Dynamical mean-field theory for the Hubbard-Holstein model on a quantum device

Recent developments in quantum hardware and quantum algorithms have made it possible to utilize the capabilities of current noisy intermediate-scale quantum devices for addressing problems in quantum chemistry and condensed-matter physics. Here we report a demonstration of solving the dynamical mean-field theory (DMFT) impurity problem for the Hubbard-Holstein model on the IBM Quantum Processor Kawasaki, including self-consistency of the DMFT equations. This opens up the possibility to investigate strongly correlated electron systems coupled to bosonic degrees of freedom and impurity problems with frequency-dependent interactions. The problem involves both fermionic and bosonic degrees of freedom to be encoded on the quantum device, which we solve using a recently proposed Krylov variational quantum algorithm to obtain the impurity Green's function. We find the resulting spectral function to be in good agreement with the exact result, exhibiting both correlation and plasmonic satellites and significantly surpassing the accuracy of standard Trotter-expansion approaches.
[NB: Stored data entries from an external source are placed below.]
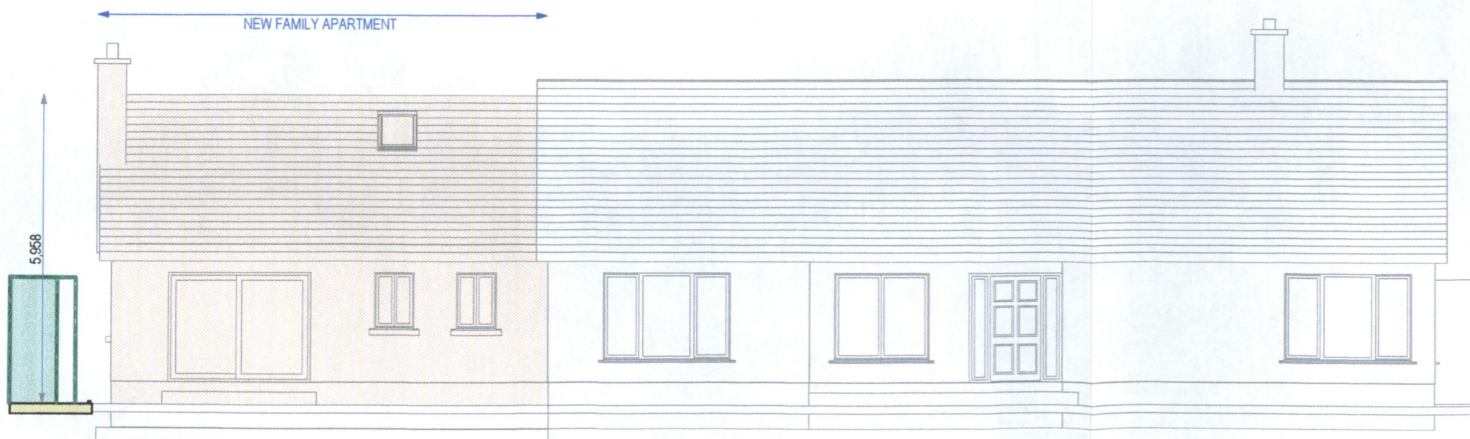
A/1 - FRONT ELEVATION - SOUTH EAST
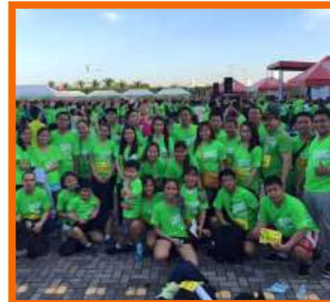
Synergygroup Operations Inc. (SGOI) Races for life.
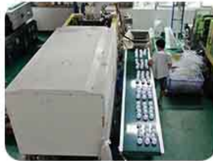
5 Driver Assembling
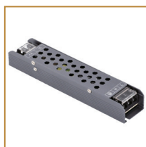
Zasilacz modułowy Graphite 60W Modular power supply Graphite 60W
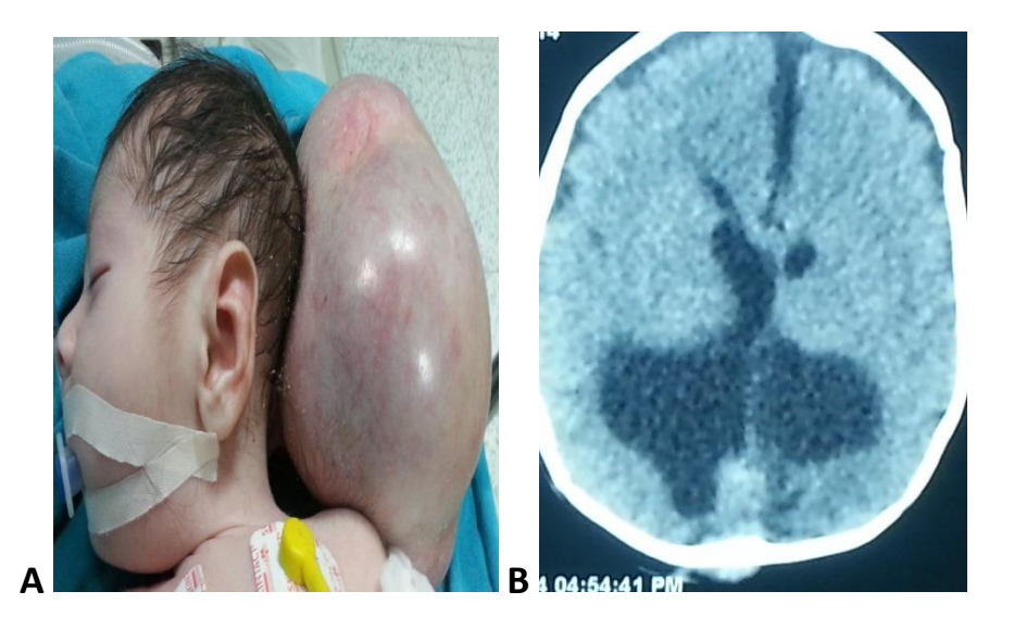
Figure 3: Large occipital encephalocele; A) lateral position, B) 3 months post-operative CT brain axial view with no hydrocephalus

Our results provide an essential building block to study electronic correlations and plasmonic excitations on future quantum computers with modern ab initio techniques.

Automated summary

Recent developments in quantum hardware and algorithms have enabled us to address problems in quantum chemistry and condensed-matter physics using current noisy intermediate-scale quantum devices. In this study, we demonstrate the solution of the dynamical mean-field theory (DMFT) impurity problem for the Hubbard-Holstein model on the IBM Quantum Processor Kawasaki. We encode both fermionic and bosonic degrees of freedom on the quantum device and use a Krylov variational quantum algorithm to obtain the impurity Green's function, achieving high accuracy.